WORK ORDER: Within the entries below, please retype exactly the lines starting with the line that has "SMC växer och" and going on through the line that has "مركب سائل ومستخلص", but not the pictures.

BEGIN AVAILABLE DATA

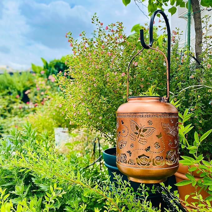 - 【Perfect Garden Decorations】- Butterfly solar lantern can project unique and beautiful patterns in a dim environment, creating a gorgeous and warm atmosphere to bring life and fun to your garden and attract your family or friends. The unique hollow out design and beautiful antique bronze color give it an artistic touch, perfect for decorating gardens, backyards, corners, Outside, sidewalks and many other scenes.
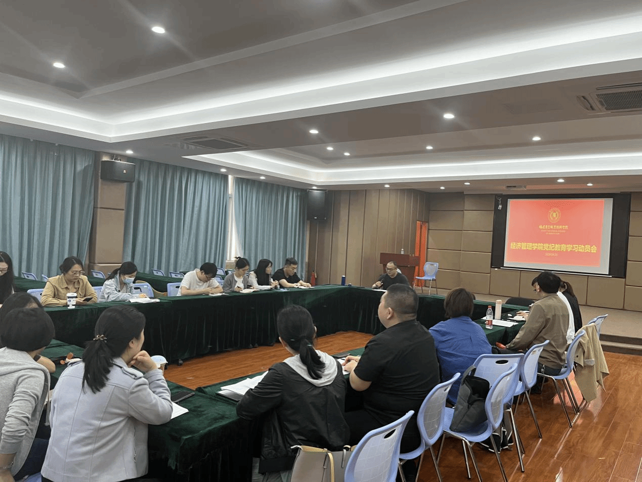 2024年4月24日下午,经济管理学院党总支于创业大讲坛组织召开党员大会,就我院党纪学习教育进行部署动员。会议由经济管理学院党总支专职副书记彭阔东主持。
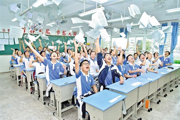 观澜二中初三学子通过抛试卷的方式,花样庆祝完成初中学业。
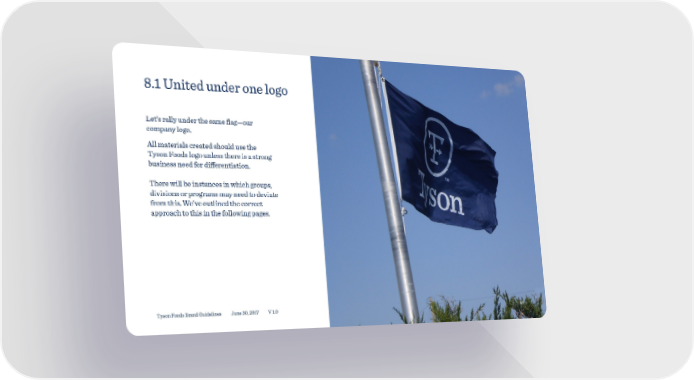 8.1 United under one logo Let’s rally under the same flag—our company logo. All materials created should use the Tyson Foods logo unless there is a strong business need for differentiation. There will be instances in which groups, divisions or programs may need to deviate from this. We’ve outlined the correct approach to this in the following pages. Tyson Foods Brand Guidelines June 30, 2017 V 1.0 48
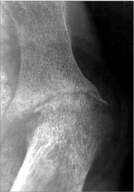 Прямое 7-кратное увеличение рентгеновского изображения. Резко выраженный диффузный остеопороз. Значительное неравномерное сужение суставной щели с истончением, разрушением замыкающей костной пластинки. Множественные глубокие краевые дефекты костной ткани с размытыми краями (эрозии), расположенные субпериостально, в зоне сустава
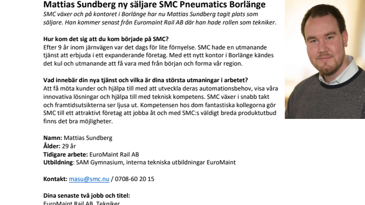 SMC växer och på kontoret i Borlänge har nu Mattias Sundberg tagit plats som säljare. Han kommer senast från Euromaint Rail AB där han hade rollen som tekniker.
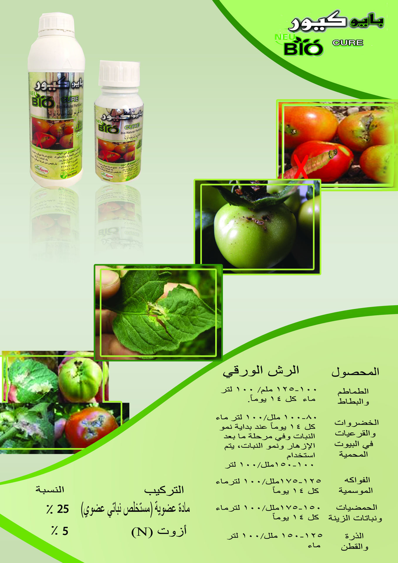 مركب سائل ومستخلص طبيعي له خصائص فعالة ضد العديد من الاضرار التي تصيب النبات يحسن نمو النبات وجودته وانتاجيته له تاثير فعال ضد الحشرات الضارة كما ان له تاثير في التخلص من اطوار حافرة الطماطم (توتا ابسلوتا) ويرقات الحشرات له تاثير فعال علي المكونات الغذائية
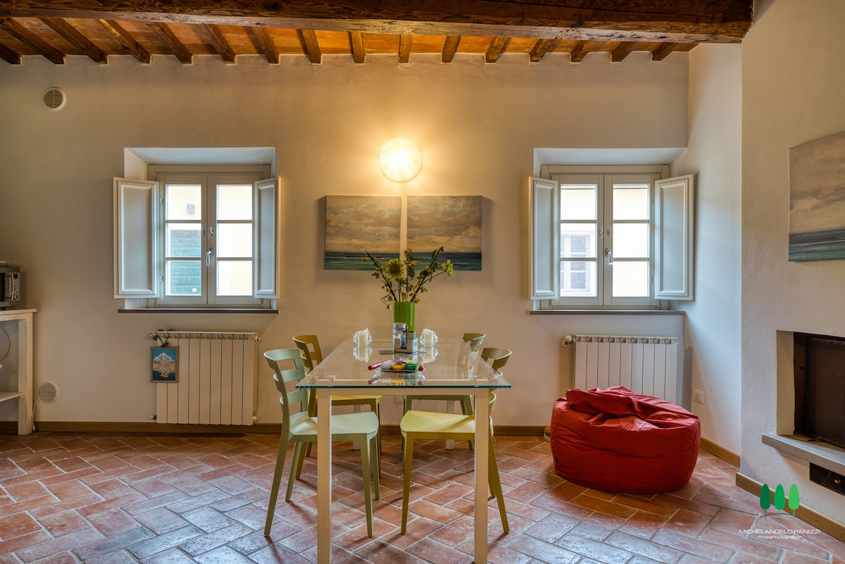 La Dolce Vita: Escapa al corazón de la Toscana en nuestro acogedor apartamento localizado en el pintoresco pueblo de Ghizzano, Peccioli - el reciente vencedor del concurso "Borgo dei Borghi"por la edición 2024. Perfecto para parejas, familias con hijos o ya sea para aventureros. Este encantador espacio ofrece una tranquila escapada con paisajes de ensueño y especialmente ubicado para hacer base y moverse a los diversos puntos turísticos de la Toscana. Ideal para trabajo remoto: Fast WiFi & desk
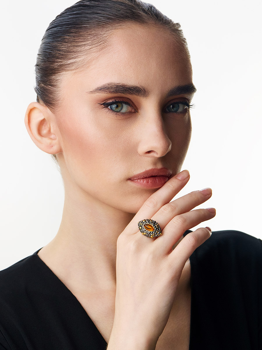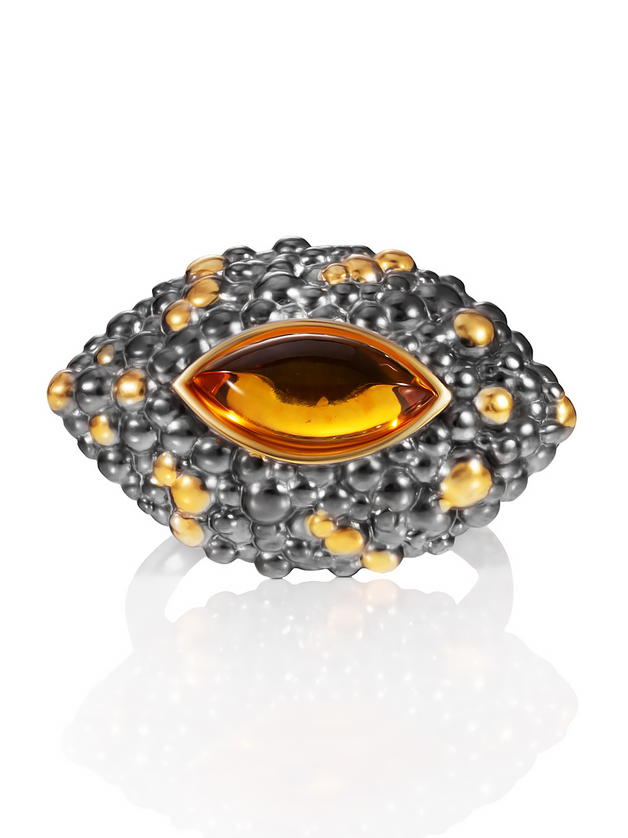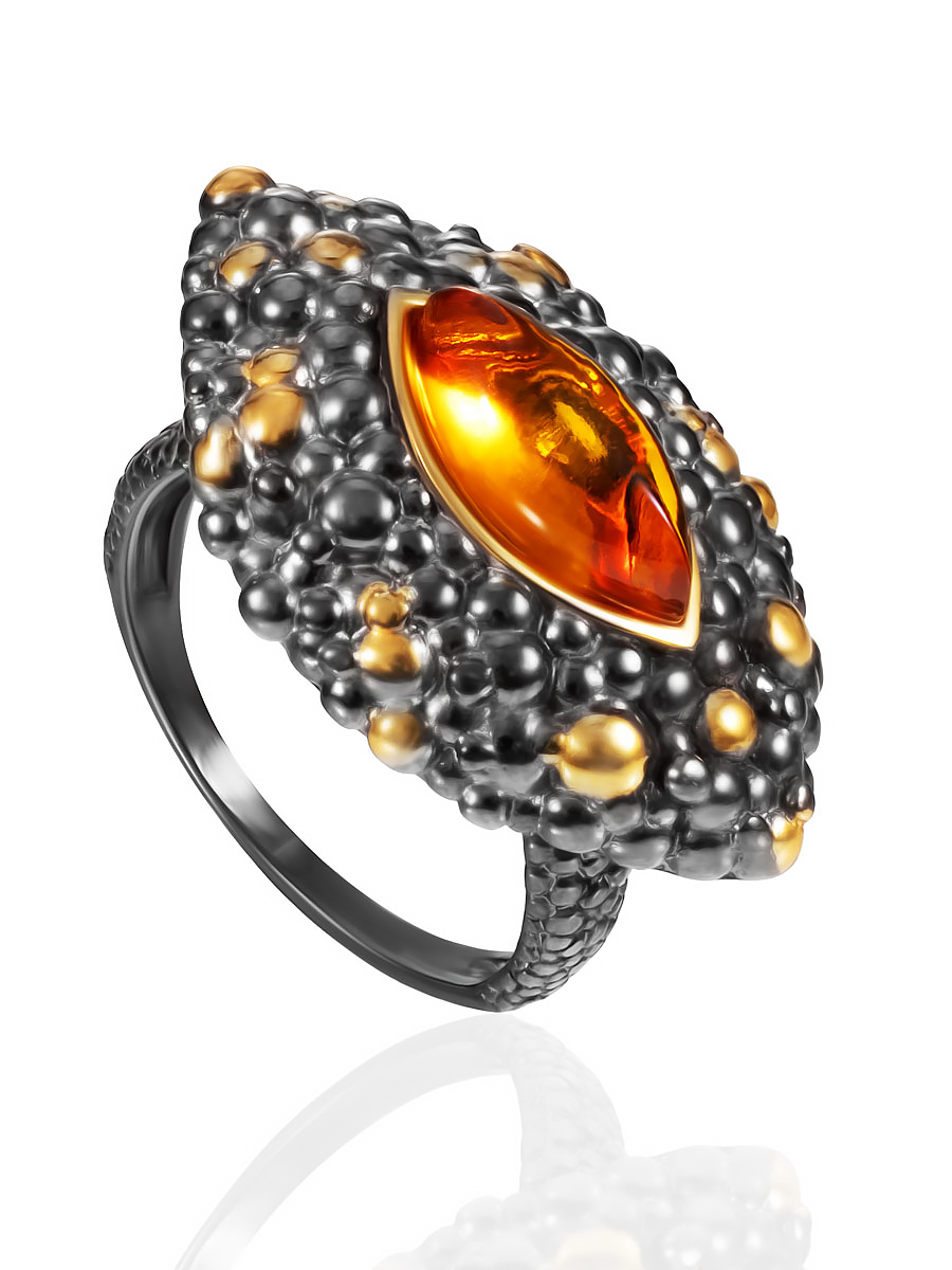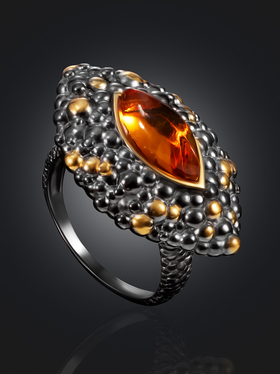 Оригинальное и необычное кольцо «Раушен» с коньячным янтарём
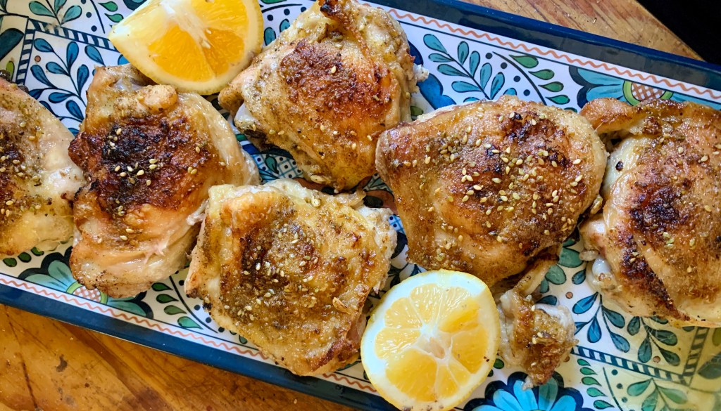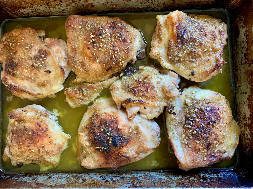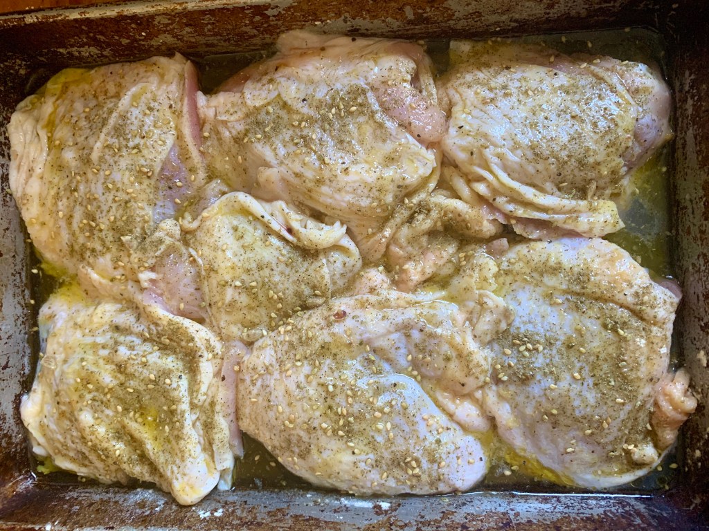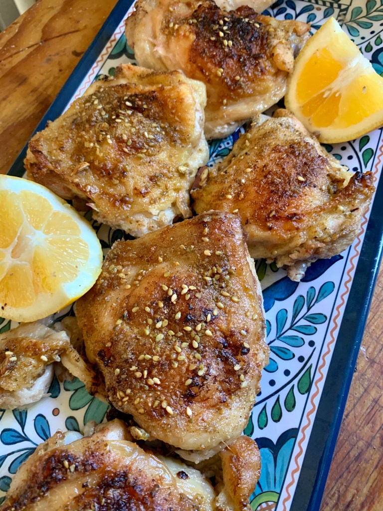 My second favorite way to use za’atar is on oven baked chicken. It is especially great on thighs and drumsticks, as you will see in this post!

END AVAILABLE DATA

SOLUTION TO THE PROBLEM:
 SMC växer och på kontoret i Borlänge har nu Mattias Sundberg tagit plats som säljare. Han kommer senast från Euromaint Rail AB där han hade rollen som tekniker.
 مركب سائل ومستخلص طبيعي له خصائص فعالة ضد العديد من الاضرار التي تصيب النبات يحسن نمو النبات وجودته وانتاجيته له تاثير فعال ضد الحشرات الضارة كما ان له تاثير في التخلص من اطوار حافرة الطماطم (توتا ابسلوتا) ويرقات الحشرات له تاثير فعال علي المكونات الغذائية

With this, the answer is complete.